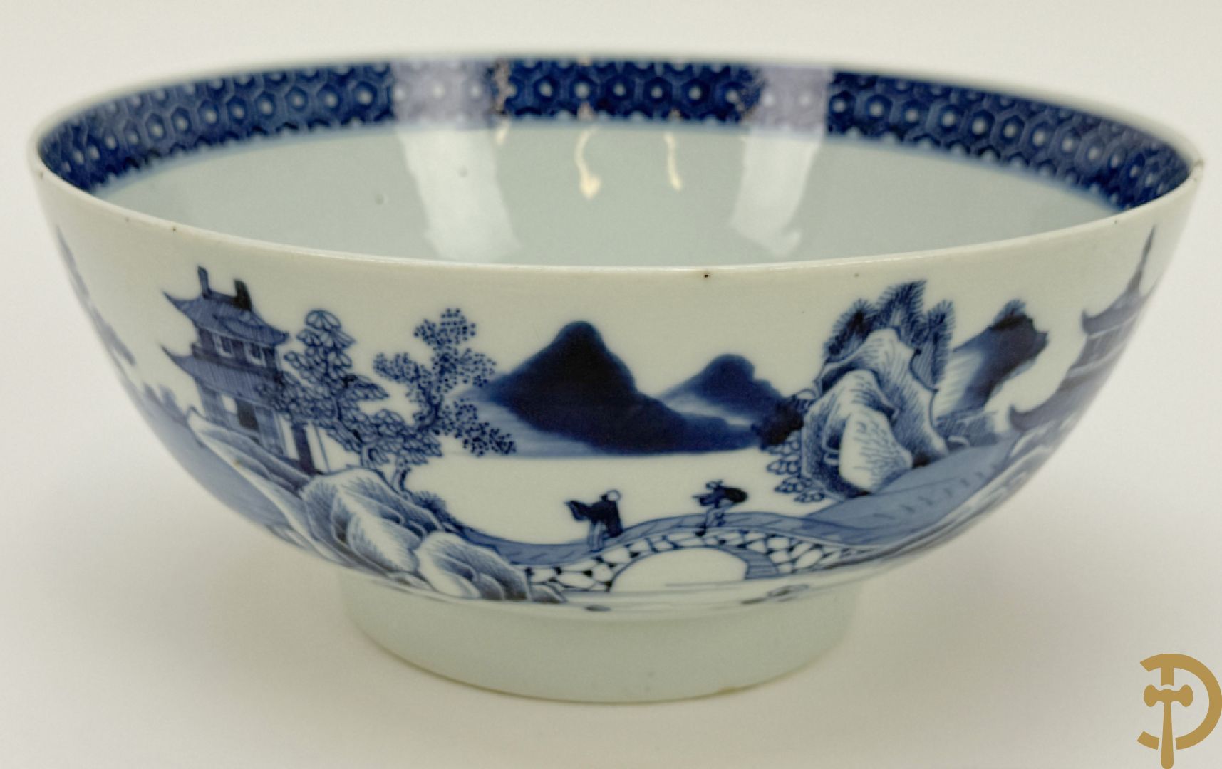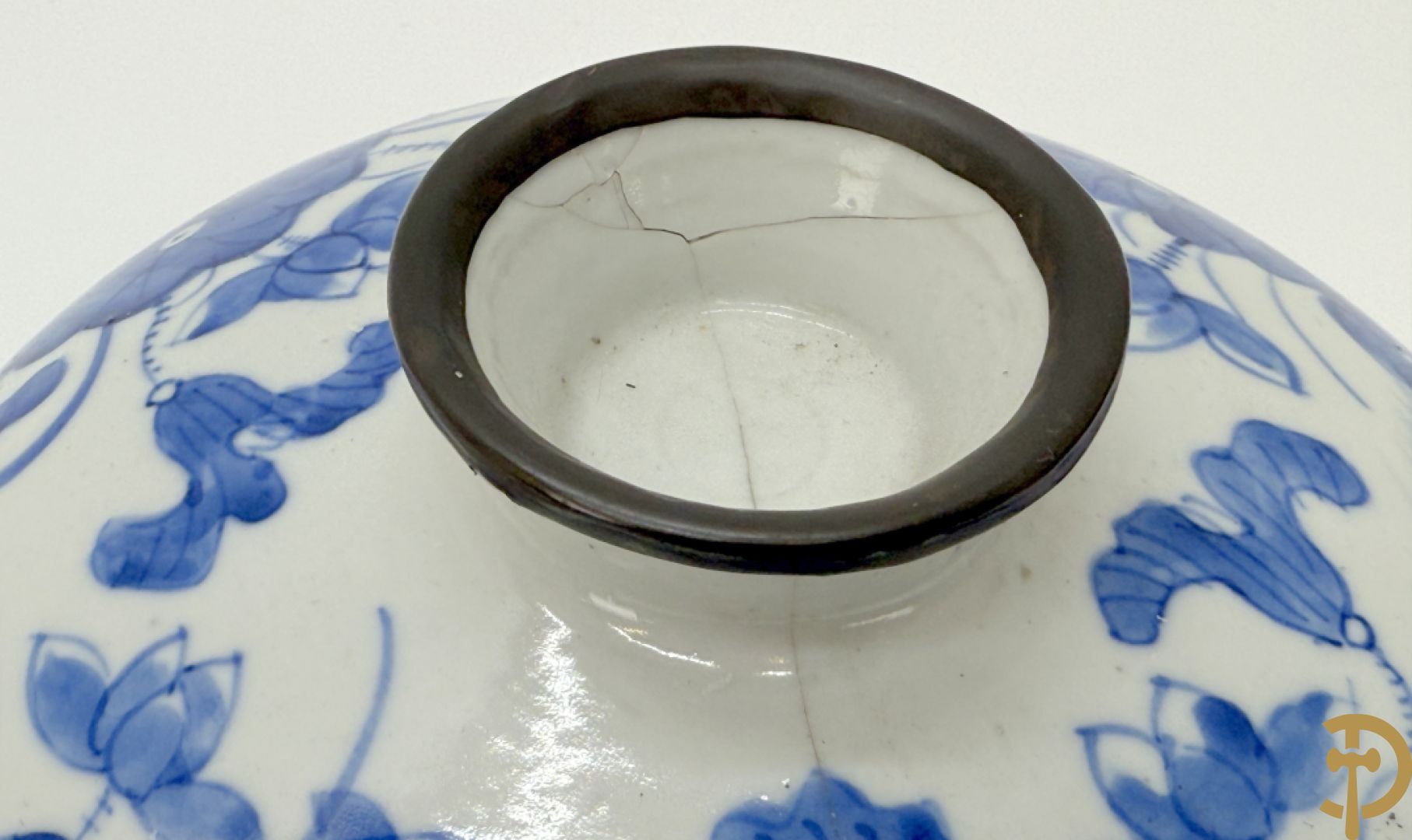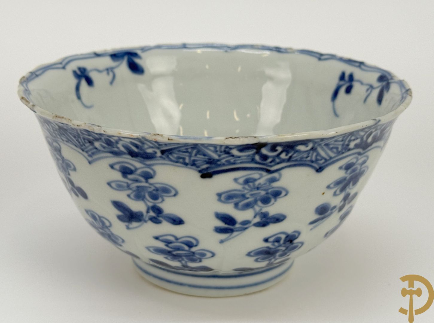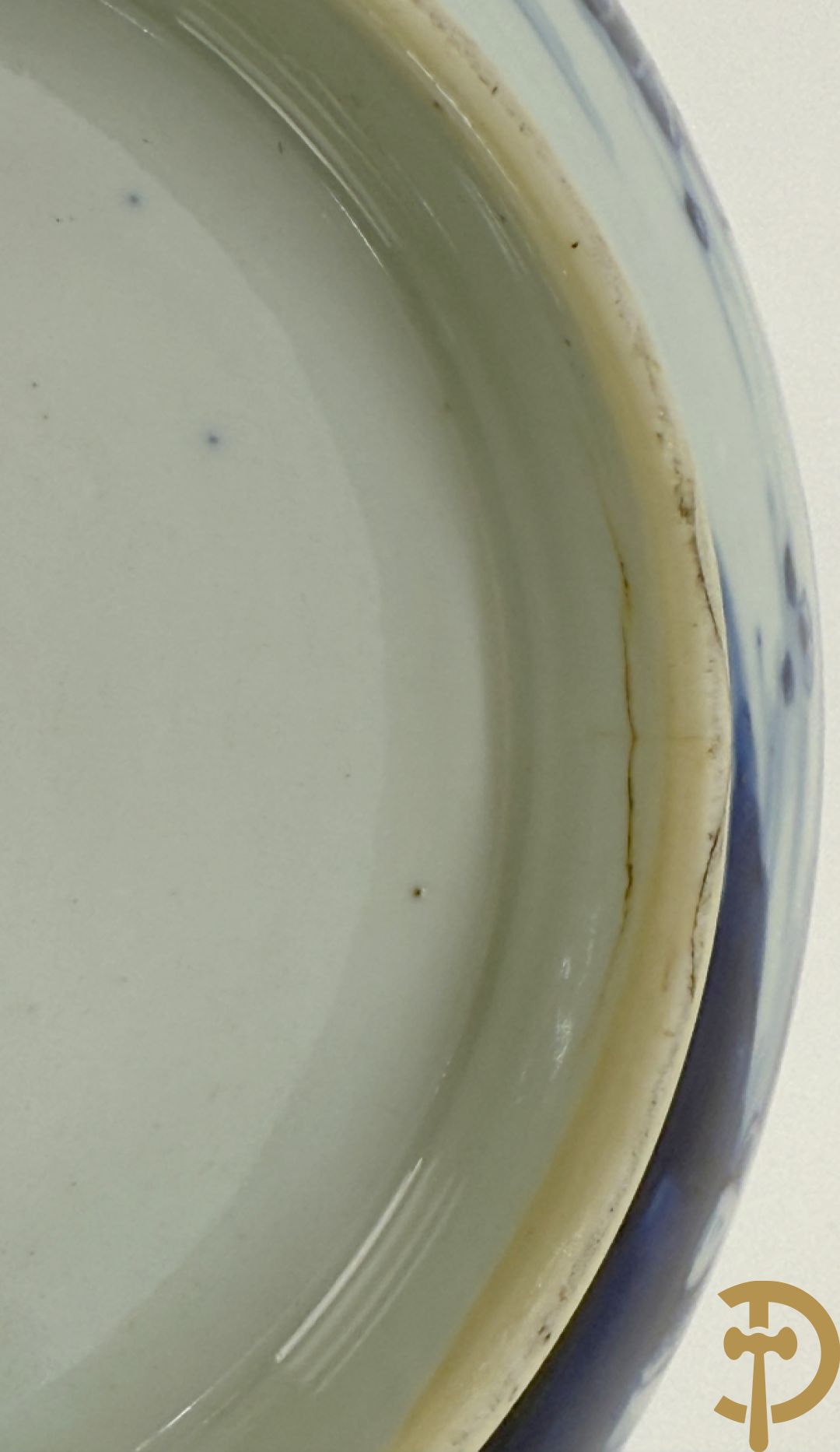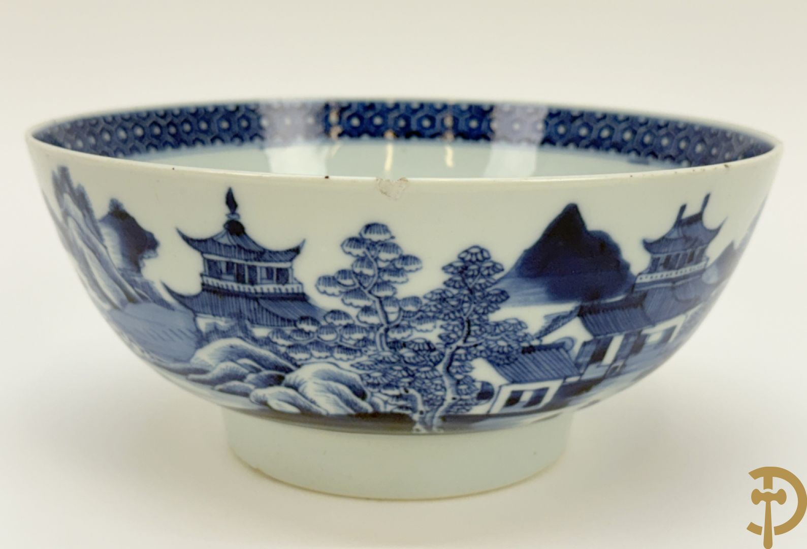 Chinese porseleinen blauw/wit coupe met landschapsdecor + kleine blauw/wit coupe met bloemendecor + porseleinen dekselkom met floraal decor
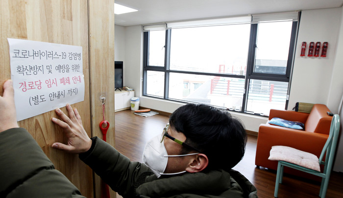 | ▲ 동작구 관계자가 경로당 임시 휴관 안내문을 붙이고 있다. |
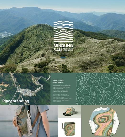 민둥산 브랜드는 산, 물, 바람, 구름, 풍경의 겹 -‘자연의 겹(Layers of Nature)’을 주제로 한 장소 브랜드로 정선 민둥산 풍경을 곡선 ‘능선의 리듬, 억새의 생동감, 돌리네의 깊이, 하늘의 여백’이 서정적으로 중첩되는 ‘감성의 레이어’로 표현한 것이 특징이다.
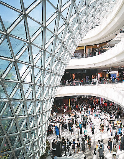 顾客在海南三亚海棠湾免税店内游览、购物。
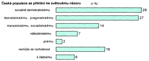 Výzkum Klubu sociologů a psychologů uskutečněný před několika týdny mezi téměř sedmi sty občany ČR v souboru odpovídajícím reprezentativnímu složení dospělé populace přinesl aktuální informace. Použili jsme novou charakteristiku s více alternativami světového názoru, která není zcela přesná z hlediska filozoficko sociologického pojetí, přesto je srovnatelná s dřívějšími výzkumy. Šlo zejména o zařazení tzv. „sociálně demokratického světového názoru”. To umožnilo zachytit současnou tendenci příklonu občanů k sociálně demokratickým ideovým tendencím.
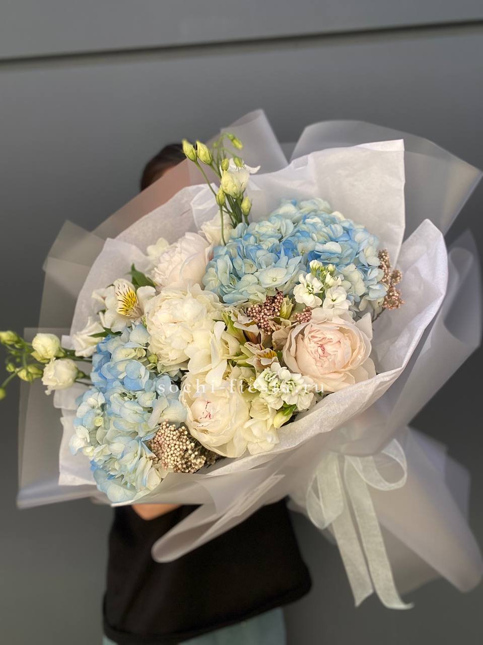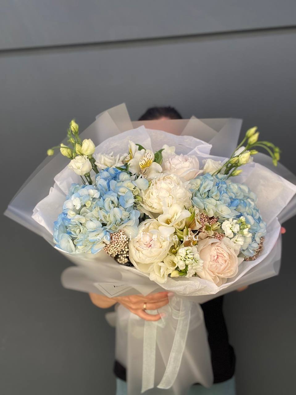 пионы, гортензии, эустома, альстромерии, маттиола, озатамус, лента и дизайнерская пленка.
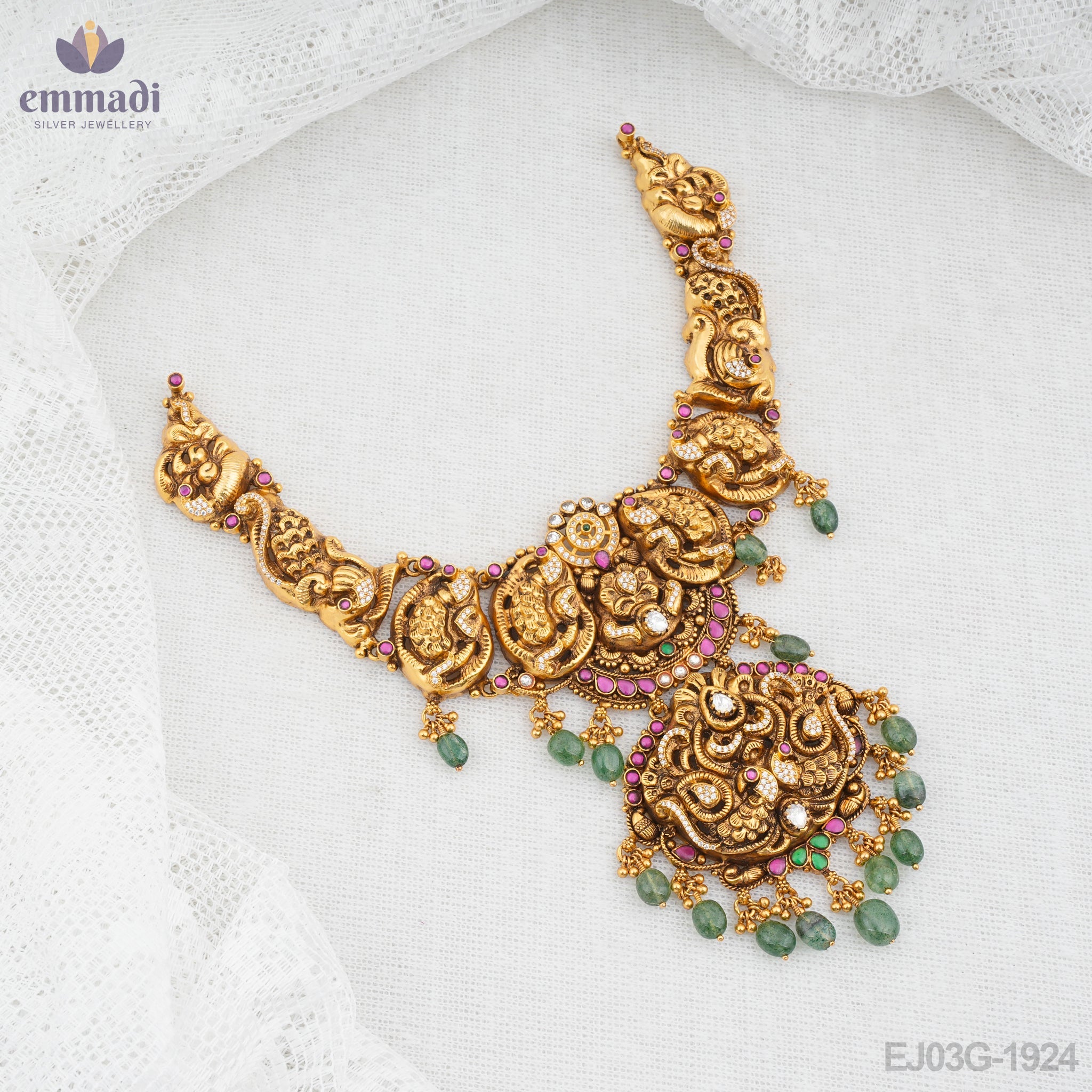 The necklace features a series of beautifully detailed Nakshi motifs that are harmoniously arranged to create a captivating visual appeal. Each design element is thoughtfully curated to reflect the artistry of skilled artisans, ensuring that every piece is unique. The warm gold hue enhances its opulence, adding a touch of luxe to any neckline.
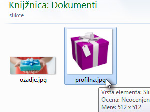 ![]() V oknu raziskovalca označite na željeno sliko in potrdite. |
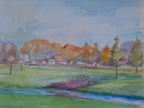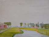 Zicht op de Peperbus gezien vanaf de Noordsingel nr 228. De opvallend grijze Peperbus in dit kleurige geheel heeft mogelijk te maken met de begrafenis van een goede kennis van Fons Gieles, Alfons Verdult. De aquarel werd op dezelfde dag gemaakt (26 mei 1986).
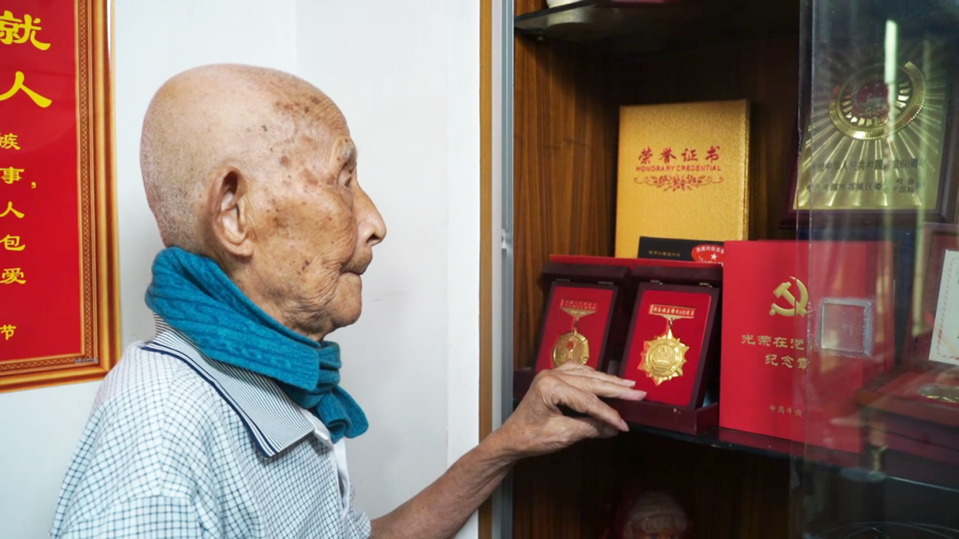 編者按:為紀念中國人民抗日戰(zhàn)爭暨世界反法西斯戰(zhàn)爭勝利80周年,深入挖掘抗戰(zhàn)老兵事跡,傳承紅色基因,省退役軍人事務廳聯(lián)合各地市退役軍人事務部門開展走進抗戰(zhàn)老兵家庭,重溫抗戰(zhàn)歷史系列活動。廳官網(wǎng)官微開辟“致敬抗戰(zhàn)老兵”專欄對此進行系列宣傳,今日推出《南征北戰(zhàn)11年,腿斷過兩次,抗戰(zhàn)老兵段兆善的烽火人生》故事。 半條毛毯在光影里靜靜躺著,泛黃的絨毛上深淺不一的補丁,那是血染的繃帶,是雪夜的褥子,更是一位老兵永不褪色的勛章。 今年是紀念中國人民抗日戰(zhàn)爭暨世界反法西斯戰(zhàn)爭勝利80周年,98歲的段兆善輕撫右腿那道貫穿股骨與髂骨的傷疤,目光如炬:“15歲扛槍,16歲負傷,南征北戰(zhàn)11年,這條腿斷過兩次,能活著看到新中國成立,值了!”
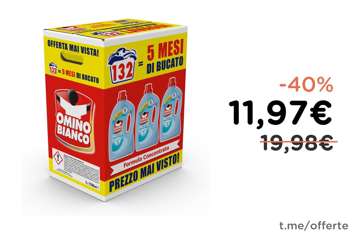 π§Ό Omino Bianco - Detersivo Lavatrice Liquido, 132 Lavaggi, 3 Confezioni da 1760 ml, Rispetta Colori
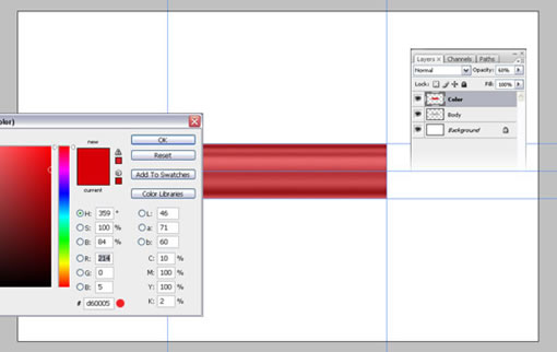 新建一层,建立一个“body”的选区,并填上红色,颜色代号d60005。然后设置层的不透明度为60%,把这层取名为“color”
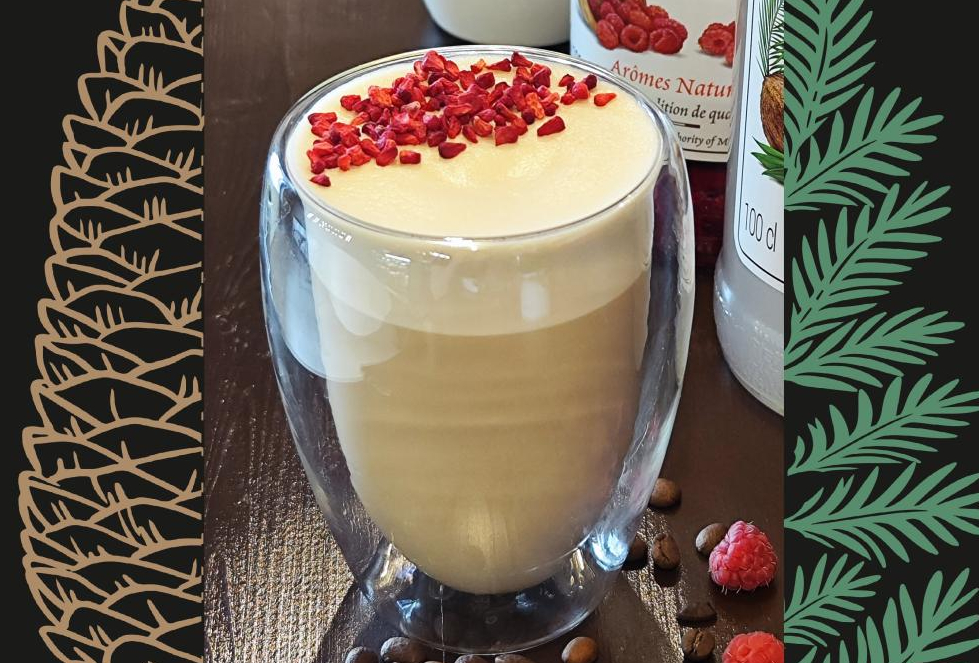 Молоко ультрапастеризованное, сливки ультрапастеризованные, эспрессо, сироп «Малина», малина сублимированная для украшения

• _Assigned task_
Each line from the beginning of the entries up to and including the one containing "in potrdite. |" must be restated exactly. Pictures are to be left out.

• _The answer_
 Chinese porseleinen blauw/wit coupe met landschapsdecor + kleine blauw/wit coupe met bloemendecor + porseleinen dekselkom met floraal decor
 | ▲ 동작구 관계자가 경로당 임시 휴관 안내문을 붙이고 있다. |
 민둥산 브랜드는 산, 물, 바람, 구름, 풍경의 겹 -‘자연의 겹(Layers of Nature)’을 주제로 한 장소 브랜드로 정선 민둥산 풍경을 곡선 ‘능선의 리듬, 억새의 생동감, 돌리네의 깊이, 하늘의 여백’이 서정적으로 중첩되는 ‘감성의 레이어’로 표현한 것이 특징이다.
 顾客在海南三亚海棠湾免税店内游览、购物。
 Výzkum Klubu sociologů a psychologů uskutečněný před několika týdny mezi téměř sedmi sty občany ČR v souboru odpovídajícím reprezentativnímu složení dospělé populace přinesl aktuální informace. Použili jsme novou charakteristiku s více alternativami světového názoru, která není zcela přesná z hlediska filozoficko sociologického pojetí, přesto je srovnatelná s dřívějšími výzkumy. Šlo zejména o zařazení tzv. „sociálně demokratického světového názoru”. To umožnilo zachytit současnou tendenci příklonu občanů k sociálně demokratickým ideovým tendencím.
 пионы, гортензии, эустома, альстромерии, маттиола, озатамус, лента и дизайнерская пленка.
 The necklace features a series of beautifully detailed Nakshi motifs that are harmoniously arranged to create a captivating visual appeal. Each design element is thoughtfully curated to reflect the artistry of skilled artisans, ensuring that every piece is unique. The warm gold hue enhances its opulence, adding a touch of luxe to any neckline.
 ![]() V oknu raziskovalca označite na željeno sliko in potrdite. |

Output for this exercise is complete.